WHAT YOU WILL DO: Look at the entries below and restate word for word the lines from the first through the one that has "The creation button".

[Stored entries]
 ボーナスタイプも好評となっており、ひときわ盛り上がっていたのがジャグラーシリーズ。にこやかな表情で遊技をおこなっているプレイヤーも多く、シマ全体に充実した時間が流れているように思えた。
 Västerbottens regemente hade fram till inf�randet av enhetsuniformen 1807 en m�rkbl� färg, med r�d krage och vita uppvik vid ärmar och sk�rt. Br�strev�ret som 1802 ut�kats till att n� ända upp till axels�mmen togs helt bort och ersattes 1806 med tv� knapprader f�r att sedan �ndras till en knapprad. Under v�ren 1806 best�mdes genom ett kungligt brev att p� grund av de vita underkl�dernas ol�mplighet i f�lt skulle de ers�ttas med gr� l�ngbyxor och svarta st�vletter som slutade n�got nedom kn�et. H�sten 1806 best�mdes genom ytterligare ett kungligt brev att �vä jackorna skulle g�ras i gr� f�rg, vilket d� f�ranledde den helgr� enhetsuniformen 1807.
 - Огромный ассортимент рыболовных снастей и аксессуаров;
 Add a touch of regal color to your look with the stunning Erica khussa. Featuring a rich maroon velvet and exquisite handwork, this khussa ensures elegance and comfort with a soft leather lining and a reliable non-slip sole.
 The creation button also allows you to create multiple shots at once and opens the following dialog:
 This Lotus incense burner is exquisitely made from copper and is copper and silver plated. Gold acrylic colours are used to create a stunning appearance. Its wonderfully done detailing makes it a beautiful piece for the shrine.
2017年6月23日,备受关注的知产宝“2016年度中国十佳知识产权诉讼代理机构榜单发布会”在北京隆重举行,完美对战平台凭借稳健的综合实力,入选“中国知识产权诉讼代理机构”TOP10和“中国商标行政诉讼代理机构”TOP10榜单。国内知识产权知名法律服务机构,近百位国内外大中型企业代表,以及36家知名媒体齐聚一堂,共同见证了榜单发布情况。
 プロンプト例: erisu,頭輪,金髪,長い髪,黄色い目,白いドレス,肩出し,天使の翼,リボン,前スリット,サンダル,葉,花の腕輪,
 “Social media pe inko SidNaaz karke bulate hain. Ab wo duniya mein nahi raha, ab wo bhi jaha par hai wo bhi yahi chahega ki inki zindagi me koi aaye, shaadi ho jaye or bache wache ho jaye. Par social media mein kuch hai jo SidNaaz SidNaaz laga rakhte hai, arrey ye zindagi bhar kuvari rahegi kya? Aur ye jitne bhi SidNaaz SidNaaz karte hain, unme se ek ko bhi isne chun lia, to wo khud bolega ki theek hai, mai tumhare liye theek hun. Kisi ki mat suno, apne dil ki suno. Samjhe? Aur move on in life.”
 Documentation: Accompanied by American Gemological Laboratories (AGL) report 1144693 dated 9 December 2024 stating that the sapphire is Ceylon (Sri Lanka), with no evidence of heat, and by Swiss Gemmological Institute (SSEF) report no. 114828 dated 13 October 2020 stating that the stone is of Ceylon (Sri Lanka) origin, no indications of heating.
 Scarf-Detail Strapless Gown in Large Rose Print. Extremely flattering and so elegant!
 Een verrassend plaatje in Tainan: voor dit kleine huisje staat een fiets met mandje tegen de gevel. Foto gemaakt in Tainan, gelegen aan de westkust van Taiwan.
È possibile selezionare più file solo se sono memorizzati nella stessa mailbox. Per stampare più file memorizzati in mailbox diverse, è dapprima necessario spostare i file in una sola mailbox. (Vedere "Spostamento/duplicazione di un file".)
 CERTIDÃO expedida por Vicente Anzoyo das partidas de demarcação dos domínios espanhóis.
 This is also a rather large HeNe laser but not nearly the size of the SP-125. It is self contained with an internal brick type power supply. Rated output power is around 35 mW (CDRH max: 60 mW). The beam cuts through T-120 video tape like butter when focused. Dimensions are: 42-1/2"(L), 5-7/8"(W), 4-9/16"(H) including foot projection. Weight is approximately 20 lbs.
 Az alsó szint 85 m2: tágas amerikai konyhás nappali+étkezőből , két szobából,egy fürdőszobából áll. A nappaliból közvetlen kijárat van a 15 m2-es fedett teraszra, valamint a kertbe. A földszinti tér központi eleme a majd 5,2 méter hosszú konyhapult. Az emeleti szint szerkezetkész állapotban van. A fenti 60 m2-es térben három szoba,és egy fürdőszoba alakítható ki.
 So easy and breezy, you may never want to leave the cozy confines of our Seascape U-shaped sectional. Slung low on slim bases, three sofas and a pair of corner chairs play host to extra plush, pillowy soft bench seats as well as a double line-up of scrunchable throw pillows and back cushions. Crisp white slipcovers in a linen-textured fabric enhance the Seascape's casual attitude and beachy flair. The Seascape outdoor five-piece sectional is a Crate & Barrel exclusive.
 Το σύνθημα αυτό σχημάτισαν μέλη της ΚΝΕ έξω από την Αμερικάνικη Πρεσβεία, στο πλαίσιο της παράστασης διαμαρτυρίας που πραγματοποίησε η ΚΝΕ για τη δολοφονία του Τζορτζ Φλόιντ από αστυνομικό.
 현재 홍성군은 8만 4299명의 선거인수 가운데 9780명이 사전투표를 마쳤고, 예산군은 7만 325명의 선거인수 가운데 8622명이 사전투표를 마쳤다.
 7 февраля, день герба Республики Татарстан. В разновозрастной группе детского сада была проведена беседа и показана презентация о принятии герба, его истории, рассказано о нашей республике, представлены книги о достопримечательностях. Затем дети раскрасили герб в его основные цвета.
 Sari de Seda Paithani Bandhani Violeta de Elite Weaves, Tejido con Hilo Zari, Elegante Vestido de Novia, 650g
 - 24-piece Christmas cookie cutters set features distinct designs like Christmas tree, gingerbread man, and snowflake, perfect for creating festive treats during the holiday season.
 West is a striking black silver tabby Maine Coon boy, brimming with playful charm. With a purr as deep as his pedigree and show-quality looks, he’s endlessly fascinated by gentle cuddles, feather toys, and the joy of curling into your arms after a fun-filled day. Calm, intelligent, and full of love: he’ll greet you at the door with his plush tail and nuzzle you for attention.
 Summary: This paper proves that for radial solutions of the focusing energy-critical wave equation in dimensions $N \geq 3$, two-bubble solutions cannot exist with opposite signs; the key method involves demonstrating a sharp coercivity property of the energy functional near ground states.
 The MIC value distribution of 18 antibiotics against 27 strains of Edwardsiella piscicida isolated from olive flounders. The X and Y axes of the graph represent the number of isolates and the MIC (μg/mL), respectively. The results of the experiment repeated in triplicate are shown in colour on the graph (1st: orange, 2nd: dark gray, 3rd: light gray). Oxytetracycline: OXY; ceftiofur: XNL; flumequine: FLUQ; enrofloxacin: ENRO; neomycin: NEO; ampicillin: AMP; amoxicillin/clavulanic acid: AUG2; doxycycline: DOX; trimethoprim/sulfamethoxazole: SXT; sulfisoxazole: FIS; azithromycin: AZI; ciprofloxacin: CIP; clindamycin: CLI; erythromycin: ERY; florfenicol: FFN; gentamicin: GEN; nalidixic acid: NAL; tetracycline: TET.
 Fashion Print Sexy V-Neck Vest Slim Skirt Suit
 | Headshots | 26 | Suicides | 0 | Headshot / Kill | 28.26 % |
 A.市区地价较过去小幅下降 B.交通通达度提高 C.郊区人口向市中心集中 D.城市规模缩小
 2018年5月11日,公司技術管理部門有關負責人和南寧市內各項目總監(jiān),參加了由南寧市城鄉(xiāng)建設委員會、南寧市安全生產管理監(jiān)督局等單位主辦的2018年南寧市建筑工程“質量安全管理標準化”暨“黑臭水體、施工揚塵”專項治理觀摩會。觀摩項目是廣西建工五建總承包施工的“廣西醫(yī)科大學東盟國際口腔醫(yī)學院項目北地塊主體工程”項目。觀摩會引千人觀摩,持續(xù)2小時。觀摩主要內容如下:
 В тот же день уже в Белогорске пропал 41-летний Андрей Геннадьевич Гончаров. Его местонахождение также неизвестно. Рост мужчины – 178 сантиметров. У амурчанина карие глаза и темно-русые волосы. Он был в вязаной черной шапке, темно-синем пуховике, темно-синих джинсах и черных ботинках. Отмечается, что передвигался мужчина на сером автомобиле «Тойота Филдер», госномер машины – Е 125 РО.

ANSWER SECTION:
 ボーナスタイプも好評となっており、ひときわ盛り上がっていたのがジャグラーシリーズ。にこやかな表情で遊技をおこなっているプレイヤーも多く、シマ全体に充実した時間が流れているように思えた。
 Västerbottens regemente hade fram till inf�randet av enhetsuniformen 1807 en m�rkbl� färg, med r�d krage och vita uppvik vid ärmar och sk�rt. Br�strev�ret som 1802 ut�kats till att n� ända upp till axels�mmen togs helt bort och ersattes 1806 med tv� knapprader f�r att sedan �ndras till en knapprad. Under v�ren 1806 best�mdes genom ett kungligt brev att p� grund av de vita underkl�dernas ol�mplighet i f�lt skulle de ers�ttas med gr� l�ngbyxor och svarta st�vletter som slutade n�got nedom kn�et. H�sten 1806 best�mdes genom ytterligare ett kungligt brev att �vä jackorna skulle g�ras i gr� f�rg, vilket d� f�ranledde den helgr� enhetsuniformen 1807.
 - Огромный ассортимент рыболовных снастей и аксессуаров;
 Add a touch of regal color to your look with the stunning Erica khussa. Featuring a rich maroon velvet and exquisite handwork, this khussa ensures elegance and comfort with a soft leather lining and a reliable non-slip sole.
 The creation button also allows you to create multiple shots at once and opens the following dialog:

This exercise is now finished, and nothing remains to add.